To further investigate F-actin distribution and the karyotype of primary and K4DT American miniature horse #1-derived cells were analyzed. Utilizing phalloidin and Hoechst33342 labeling, I examined the distribution of F-actin in the primary, K4D, and K4DT cells. Figure 5A displayed that none of the cell types’ F-actin distribution or structure. Next, I analyzed twenty metaphase plates for primary (passage 5 and 6), K4D (passage 16 and 11), and SV40T (passage 21 and 24) from two individuals. As illustrated in Figs. 5B and 5C, over 70% of primary, K4D, K4DT and TERT cells exhibited normal karyotypes (2n = 64) of both individuals. However, all SV40T cells of both individuals had abnormal chromosome numbers ranging from 69 to 88, with an average chromosome number of 77.33 and 78.1, respectively.

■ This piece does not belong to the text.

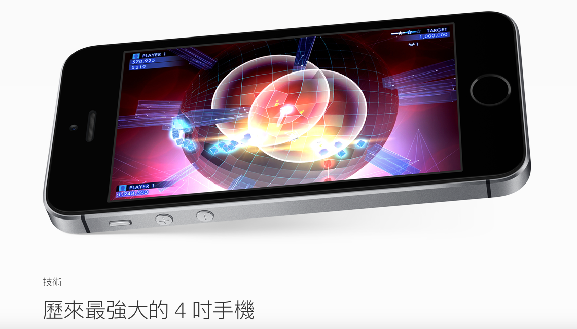 - iPhone SE 螢幕為 4 吋 ,採用與6S 相同的 64位元 A9 CPU,外觀與 iPhone 5S 相同,但是多了玫瑰金。

These findings demonstrate that K4D, K4DT and TERT cells have a similar chromosome number and karyotype as the primary cells, whereas SV40T cells differ from the primary cells.

Identification of the species of origin by mitochondrial 12s rRNA

The amplified fragment of mitochondrial 12S rRNA from K4DT cells derived from two individuals was sequenced using universal oligodeoxynucleotide primers with M13 sequence, and the resulting sequence was determined by searching the NCBI database, as previously reported (Yang et al., 2014). The sequence demonstrated complete homology with the 12S rRNA genes in Equus caballus (MN187575.1; Figs. 1S and 2S). This revealed that both cell lines derived from two individuals had no cross-contamination with other species. Furthermore, this study demonstrated that the established cells were free of mycoplasma contamination using commercial mycoplasma detection kit, although the corresponding data was not presented.